Сознаетесь теперь, что, может, и сами виноваты были? –
прибавил он с осторожною улыбкой, как бы все еще боясь его чем-нибудь
раздражить.
– Очень может быть, – холодно ответил
Раскольников.
– Я к тому говорю, – продолжал Зосимов,
разлакомившись, – что ваше совершенное выздоровление, в главном, зависит
теперь единственно от вас самих. Теперь, когда уже с вами можно разговаривать,
мне хотелось бы вам внушить, что необходимо устранить первоначальные, так
сказать, коренные причины, влиявшие на зарождение вашего болезненного
состояния, тогда и вылечитесь, не то будет даже и хуже. Этих первоначальных
причин я не знаю, но вам они должны быть известны. Вы человек умный и, уж
конечно, над собой наблюдали. Мне кажется, начало вашего расстройства совпадает
отчасти с выходом вашим из университета. Вам без занятий оставаться нельзя, а
потому труд и твердо поставленная перед собою цель, мне кажется, очень бы могли
вам помочь.
– Да, да, вы совершенно правы… вот я поскорей поступлю
в университет, и тогда все пойдет… как по маслу…
Зосимов, начавший свои умные советы отчасти и для эффекта
перед дамами, был, конечно, несколько озадачен, когда, кончив речь и взглянув
на своего слушателя, заметил в лице его решительную насмешку. Впрочем, это
продолжалось мгновение. Пульхерия Александровна тотчас же принялась благодарить
Зосимова, в особенности за вчерашнее ночное посещение их в гостинице.

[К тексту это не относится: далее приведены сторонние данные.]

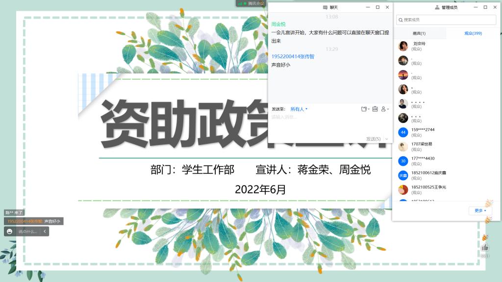 为有效宣传高校奖助学金和国家助学贷款等资助政策,开展好本年度学生资助工作,纽约国际官网于5月25日-6月10日召开了三场2022年资助政策线上宣讲会。本次会议由各二级学院资助老师主持宣讲,线上参与人数累计近900人。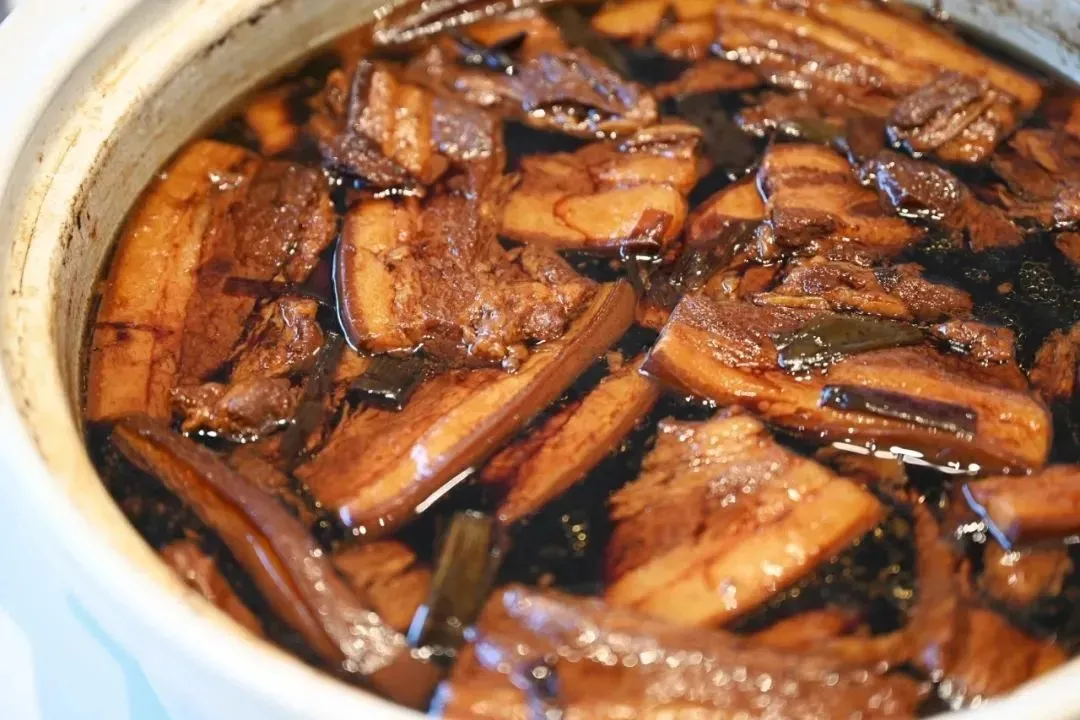 后来,隋朝时,鲁地的一位名厨,将此做法进行了完善,精选带皮猪肉,一斤切成数块,用麻绳捆成一把,浸在酱油之中,猛火开锅文火慢炖。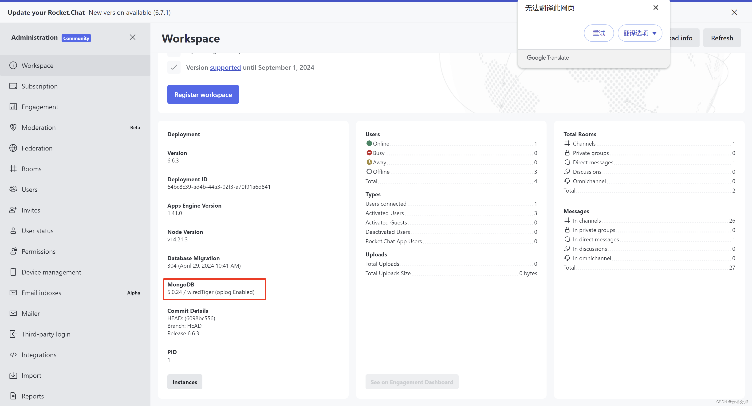 admin@admin.com34.rocketchat服务器中,聊天服务使用的数据库的版本号是?
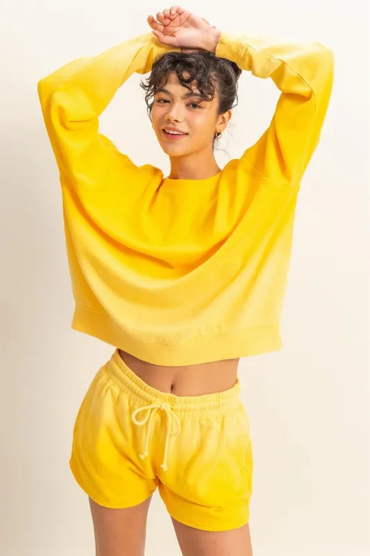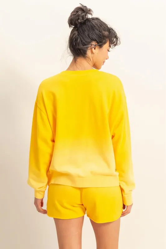 Dip Dye Long Sleeve Sweatshirt is a stylish and casual clothing piece featuring a trendy gradient color effect. This sweatshirt is designed with long sleeves for added warmth and comfort, making it a perfect choice for a cozy and fashionable look. Ideal for casual outings or lounging at home, this sweatshirt offers a chic twist to your everyday wardrobe.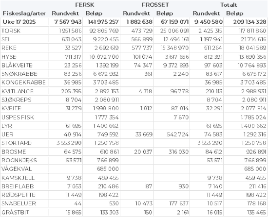 Omsetningen av ferskt råstoff i uke 17 utgjorde 142 millioner kroner, ned fra 167 millioner kroner uka før. Torsken var størst i verdi, fulgt av hyse, sei, snøkrabbe og kongekrabbe til verdi henholdsvis 93, 10, 9, 7 og 4 millioner kroner, og for øvrig slik det framgår av tabell 1.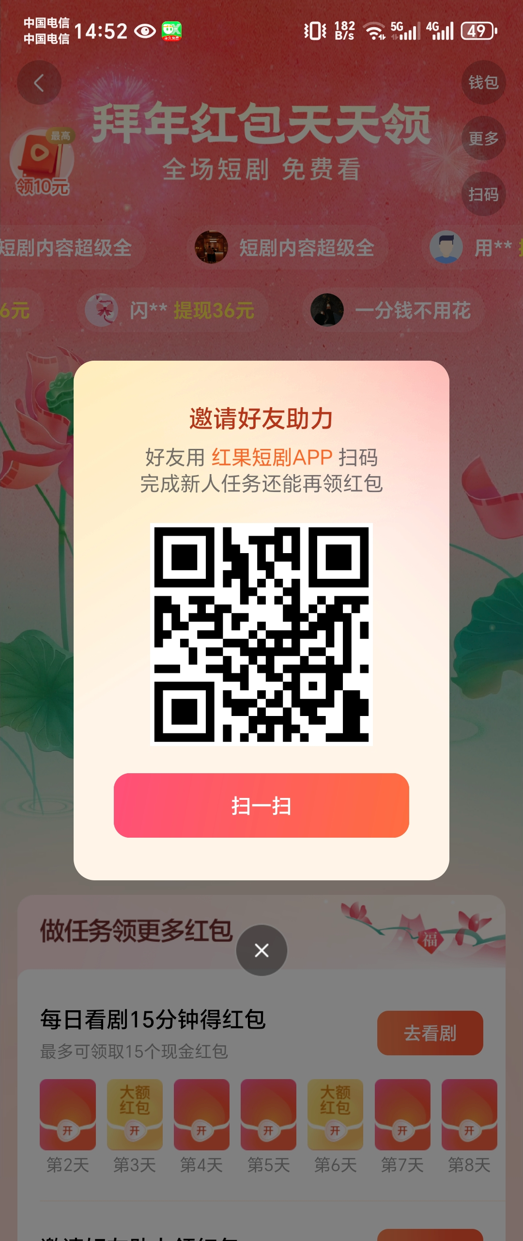 教程:软件城商‬下载《红果短‬剧》app 扫码图2进入活动 拉5-6个人助力就可以直接到账。
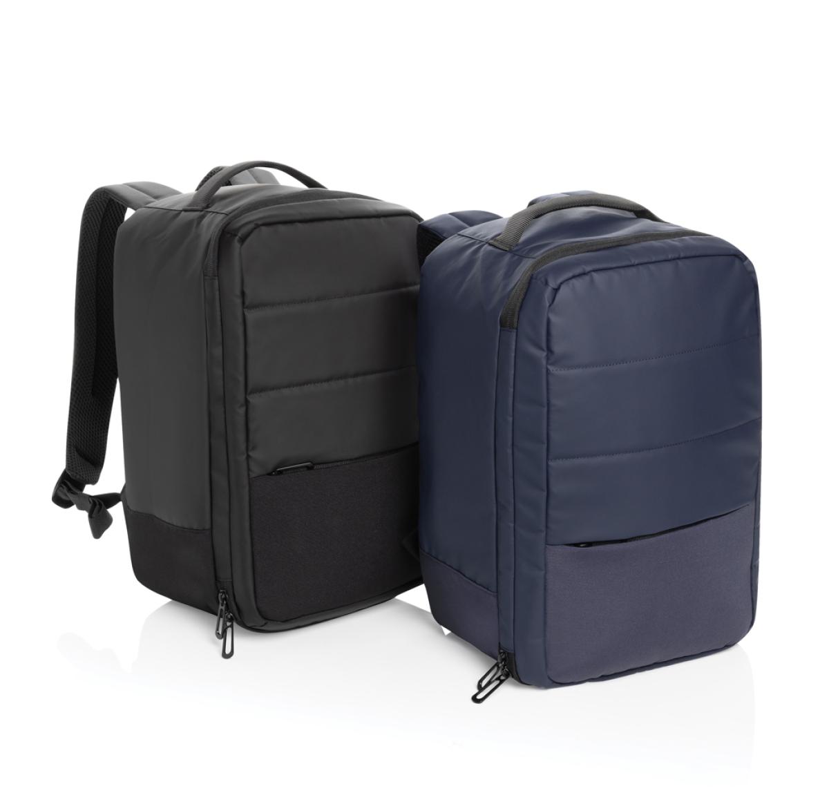The Armond Aware™ RPET Free On Board Travel Pack is designed for the budget-conscious or short business traveller. Made from rPET with a PU water-resistant coating and backed with AWARE technology, this backpack features a 15 inch padded laptop compartment on the right side, perfect for MacBooks or smaller devices. The interior, lined with rPET, ensures your belongings stay organised, while the adjustable shoulder straps and sturdy webbing handle on top provide comfort and convenience. With a front zipper pocket and a mini trolley compartment complete with an elastic strap, this pack is perfect for business or weekend trips. Its compact size fits under any budget airline seat, so you won't have to worry about extra baggage fees. Made with recycled polyester embedded with the AWARE™ tracer. 2% of proceeds of each product sold with AWARE™ will be donated to Water.org. PVC free.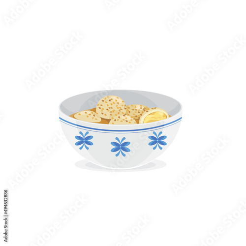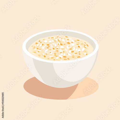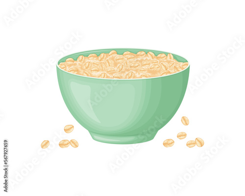 Две миски овсяных хлопьев и большая порция молока. Два этапа приготовления полезной овсянки. Векторная реалистичная иллюстрация, изолированная на прозрачном фоне.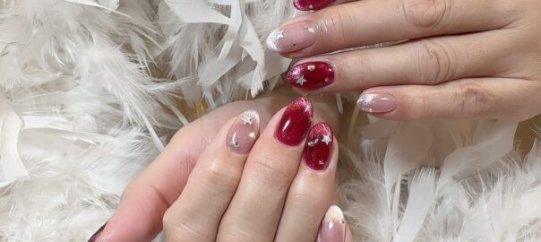 ピンクの上品なマグネットネイルをベースに、心ときめくクリスマスデザインをされたお客様のご紹介です。 マグネットの光は中心に集め、指先に奥行きと華やかさを演出しています。 リースとクリスマスツリーをそれぞれポイントに添え、 … 続きを読む ストーンでクリスマスネイル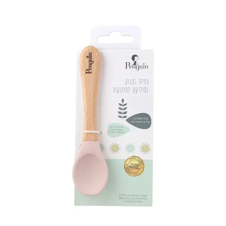 כפית במבוק וסיליקון מבית Penguin עשויה מ-100% סיליקון ועץ במבוק איכותי. ללא BPA וללא פתאלאטים. לעידוד אכילה עצמאית של פעוטות וילדים.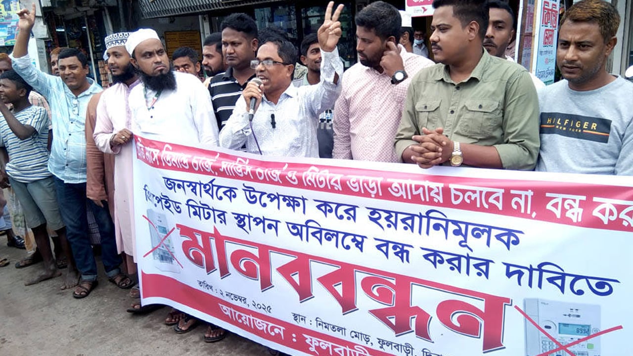 মানববন্ধনে প্রি-পেইড মিটার স্থাপন প্রকল্প বাতিলের ৪৮ ঘণ্টার আল্টিমেটাম দেওয়া হয়। মানববন্ধন শেষে উপজেলা নির্বাহী কর্মকর্তার বরাবর প্রকল্পটি বন্ধের দাবিতে একটি স্মারকলিপি প্রদান করা হয়।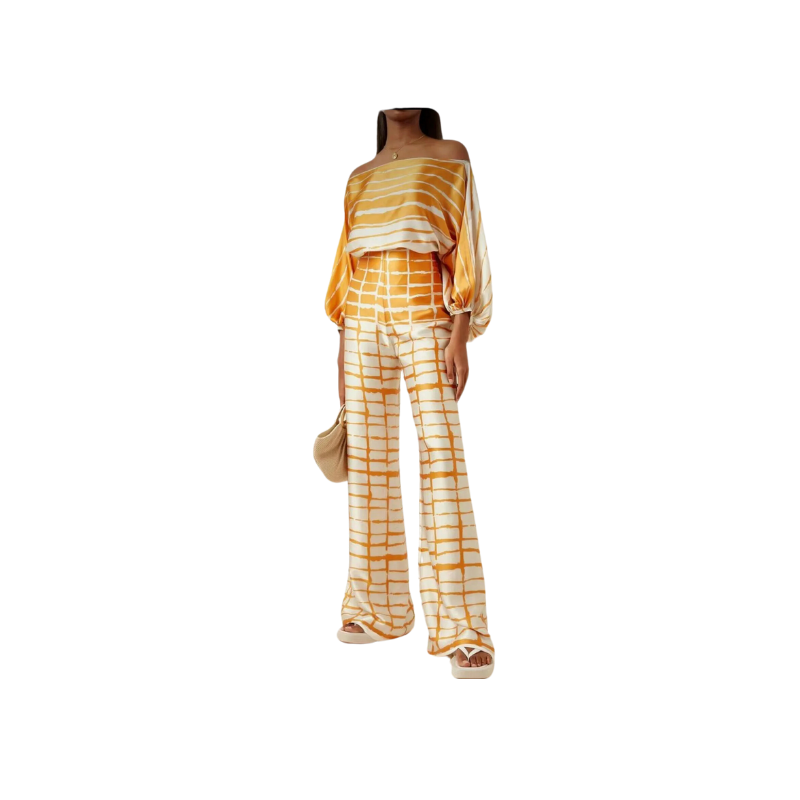 Off Shoulder Long Sleeve Shirt and Wide Leg Pant

– Как, он у вас был и ночью? – спросил
Раскольников, как будто встревожившись. – Стало быть, и вы тоже не спали
после дороги?
– Ах, Родя, ведь это все только до двух часов было. Мы
с Дуней и дома-то раньше двух никогда не ложились.
– Я тоже не знаю, чем его благодарить, – продолжал
Раскольников, вдруг нахмурясь и потупясь. – Отклонив вопрос
денежный, – вы извините, что я об этом упомянул (обратился он к
Зосимову), – я уж и не знаю, чем это я заслужил от вас такое особенное
внимание? Просто не понимаю… и… и оно мне даже тяжело, потому что непонятно: я
вам откровенно высказываю.
– Да вы не раздражайтесь, – засмеялся через силу
Зосимов, – предположите, что вы мой первый пациент, ну, а наш брат, только
что начинающий практиковать, своих первых пациентов, как собственных детей,
любит, а иные почти в них влюбляются. А я ведь пациентами-то не богат.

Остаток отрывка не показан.